Using the principle of "Convention over Documentation", the IT shop would have a standard procedure for installing network printers (hopefully one that enables centralized management). The process for setting up a printer for a new user would be more like this:

  1. Support technician connects in to client's print serve and identifies the printer needed.
  2. Support technician modifies user's Active Directory account so that group membership will trigger scripts to install this printer for the end user.

Hopefully, this will cover most cases, but like anything with IT, there will inevitably some client that needs printers installed differently from your established standard. I would argue that having a standard convention makes identifying exceptions more straight-forward:

While going through the installation process, if the printer isn't installed on the print server, or the appropriate Active Directory groups aren't created, this will trigger the support technician to go look for a documented exception to the standard configuration.

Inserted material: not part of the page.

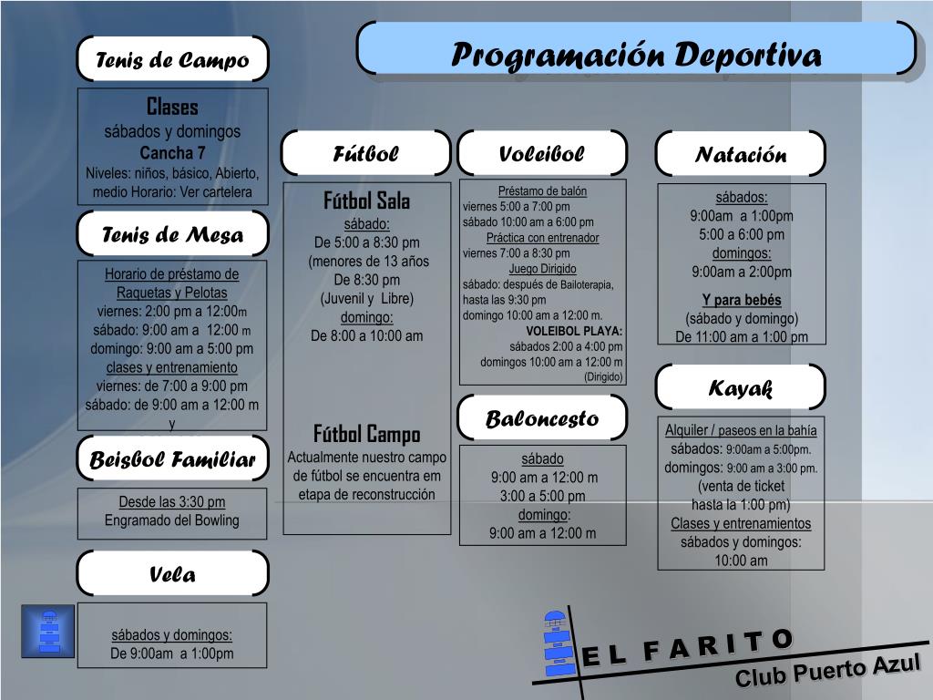 Programación Deportiva Tenis de Campo Clases sábados y domingos Cancha 7 Niveles: niños, básico, Abierto, medio Horario: Ver cartelera Fútbol Voleibol Natación Préstamo de balón viernes 5:00 a 7:00 pm sábado 10:00 am a 6:00 pm Práctica con entrenador viernes 7:00 a 8:30 pm Juego Dirigido sábado: después de Bailoterapia, hasta las 9:30 pm domingo 10:00 am a 12:00 m. VOLEIBOL PLAYA: sábados 2:00 a 4:00 pm domingos 10:00 am a 12:00 m (Dirigido) Fútbol Sala sábado: De 5:00 a 8:30 pm (menores de 13 años De 8:30 pm (Juvenil y Libre) domingo: De 8:00 a 10:00 am Fútbol Campo Actualmentenuestro campo de fútbol se encuentra em etapa de reconstrucción sábados: 9:00am a 1:00pm 5:00 a 6:00 pm domingos: 9:00am a 2:00pm Y para bebés (sábado y domingo) De 11:00 am a 1:00 pm Tenis de Mesa Horario de préstamo de Raquetas y Pelotas viernes: 2:00 pm a 12:00m sábado: 9:00 am a 12:00 m domingo: 9:00 am a 5:00 pm clases y entrenamiento viernes: de 7:00 a 9:00 pm sábado: de 9:00 am a 12:00 m y de 3:00 a 6:00 pm Kayak Baloncesto Alquiler / paseos en la bahía sábados: 9:00am a 5:00pm. domingos: 9:00 am a 3:00 pm. (venta de ticket hasta la 1:00 pm) Clases y entrenamientos sábados y domingos: 10:00 am Beisbol Familiar sábado 9:00 am a 12:00 m 3:00 a 5:00 pm domingo: 9:00 am a 12:00 m Desde las 3:30 pm Engramado del Bowling Vela sábados y domingos: De 9:00am a 1:00pm

Arguments *for* "Convention over Documentation"

  1. Reduces the amount of documentation, and therefore decreases the potential for inaccurate, out-of-date, or incomplete documentation.
  2. Increases the speed at which support incidents can be addressed by: (1) reducing the amount of time the support technician spends reading documentation and (2) increasing the familiarity of the support technician with the client's configuration.
  3. Reduces configuration mistakes since each configuration is basically the same.

Arguments *against* "Convention over Documentation"

  1. The approach requires reconfiguring client's networks, which takes time
  2. There will inevitably be some good reasons some clients may have for their network being inconsistent with an IT shop's established standards.

Personally, I think that, in most cases, the amount of time you save in the future and the other effeciencies gained by consistent configuration more than makes up for objection #1.

As far as #2, while you will inevitably have some exceptions, I think some simple guidelines will help with handling them effectively:

  1. Make absolutely sure that an exception is required.
  2. Make sure your standard process helps the support technician identify exceptions.
  3. Keep all exceptions documented and keep the documentation easily accessible.